Friday, April 25, 2014

Debugging library loads in OS X using dtrace

When your OS X app starts to get a little bigger and a little complicated, you may encounter some issues with library loading. Getting the correct libraries to load is not always easy and in our case, where we develop a Python app and need to use a different Python version than what's on the system, even more trouble is added to the mix. Sometimes the system Python library sneaks in and our poor app then crashes with a sad message

Fatal Python error: Interpreter not initialized (version mismatch?)

or, alternatively, with an even more sad message saying

Fatal Python error: PyThreadState_Get: no current thread

These are caused by mixing two different Python library versions in the same process. They step on each other memory structures and don't play along nicely. Need to separate them.
But how can you quickly figure out which of your modules is referencing the wrong Python library? Use dtrace. I already wrote a post about how useful this tool can be. And we can employ it for this task as well. On OSX, it comes with a nice GUI app called Instruments (a part of XCode package). In this app, click the Instrument menu and select Build New Instrument... You will see the following window and now you need to fill in the details as below. In principle, you'll put a break/tracepoint on the function dlopen in libdyld.dylib and tell the system to record the stack trace in that moment as well as the first function argument which is the path to the library to be loaded.

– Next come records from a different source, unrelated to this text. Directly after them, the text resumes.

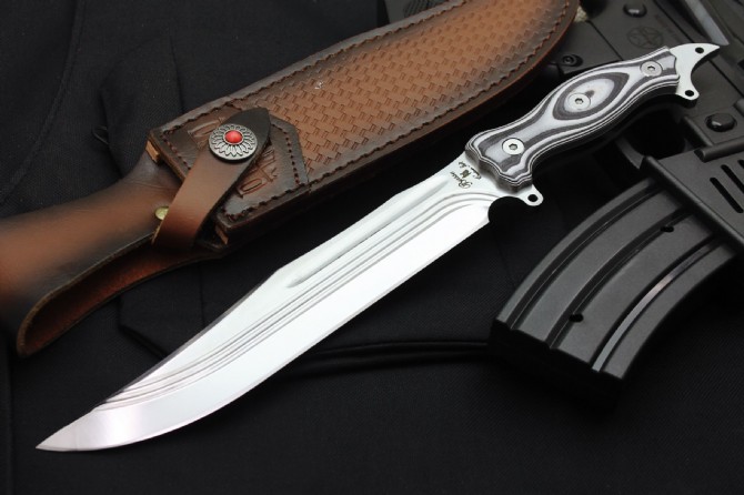 其 他:水滴头三血槽刀身,刃口锋利一体龙骨结构真皮压花刀套。品 质:优等,合适野外生存刀具,设计完美,刀柄后有撞击头可以撞碎厚厚的玻璃和瓷片。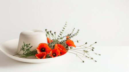 A tan fedora hat lays on a white surface next to a bouquet of bright red poppies.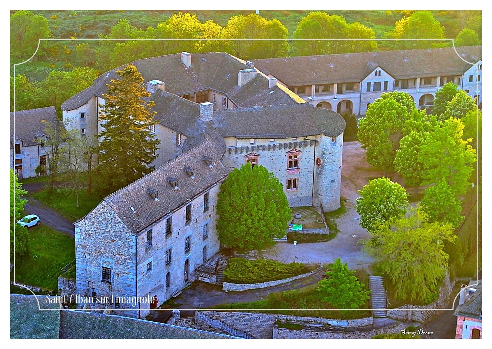 Édifié au cœur de la Margeride, le château de Saint-Alban-sur-Limagnole se déploie ici dans son ensemble, puissant et apaisé.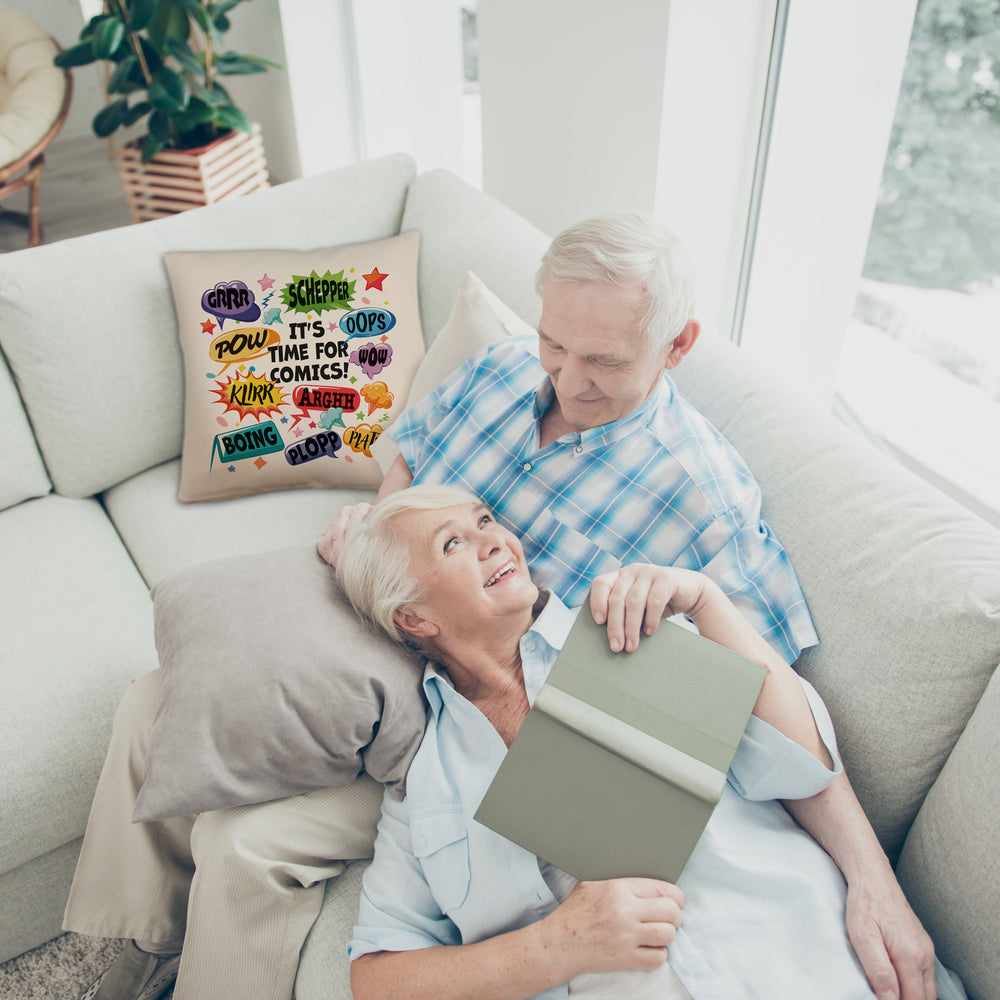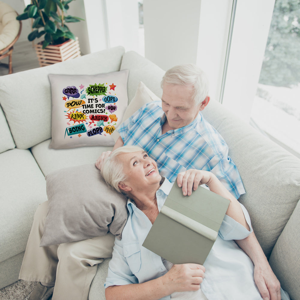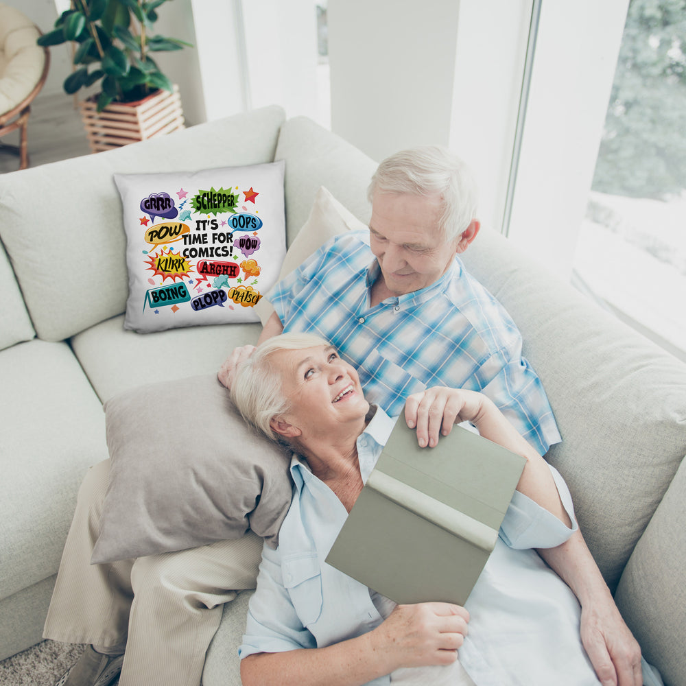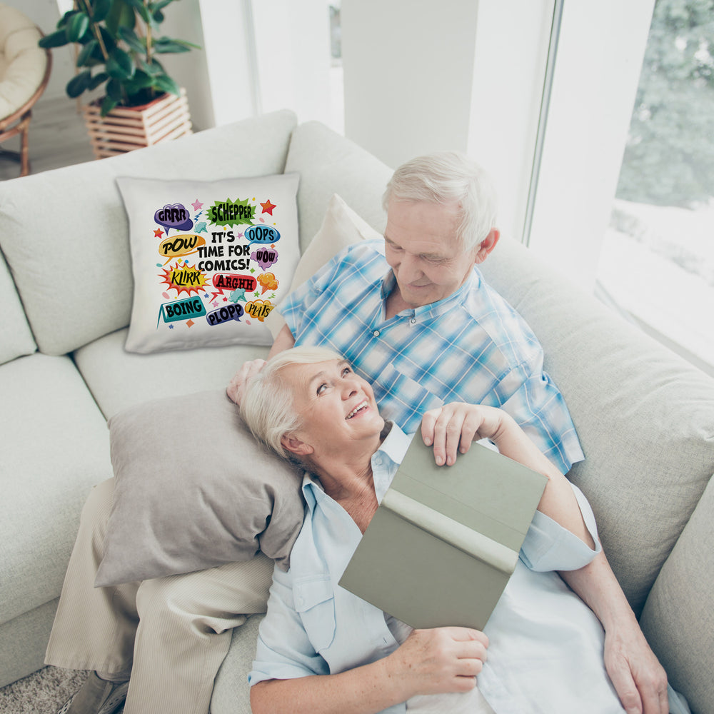 - Dieses Kissen ist ein wahres Fest für die Augen aller Comicfans! Mit bunten Sprechblasen und Buttons in lebhaften Farben und Formen zieht es sofort alle Blicke auf sich. Der darauf gedruckte Spruch „It's time for comics“ bringt zusätzlich Schwung in jedes Wohnzimmer.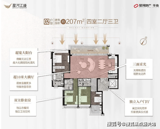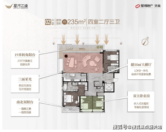 A:均为双主卧套间设计,带超宽大阳台与三卫浴空间,235㎡户型享 270° 转角阳台,LDKB 一体化布局,得房率高。

When you set this up, add the new instrument to your current project and select the program to instrument. You can attach to an already running process or start a new instance. The result will look like the image below. You can see the library load events together with the path argument and for each item you can see the call stack on the right.
Awesome! Now let's get some ice cream.

Monday, April 14, 2014

Dev basics: Purpose explanation

Code reuse is essential to reduce the time spent not only on development (writing the code) but also on maintanence (figuring out what went wrong and where the hell in the huge codebase the problem lies) and it's a generally a good thing. However, to do it properly, any code unit with a potential of re-use should also have a good documentation. And good documentation does not mean this:

    This function returns the background color.
    @returns the background color
Color getBackgroundColor() {}

that's actually bad and useless documentation. Instead, documentation should provide the intention with the highest priority and then any other technical details.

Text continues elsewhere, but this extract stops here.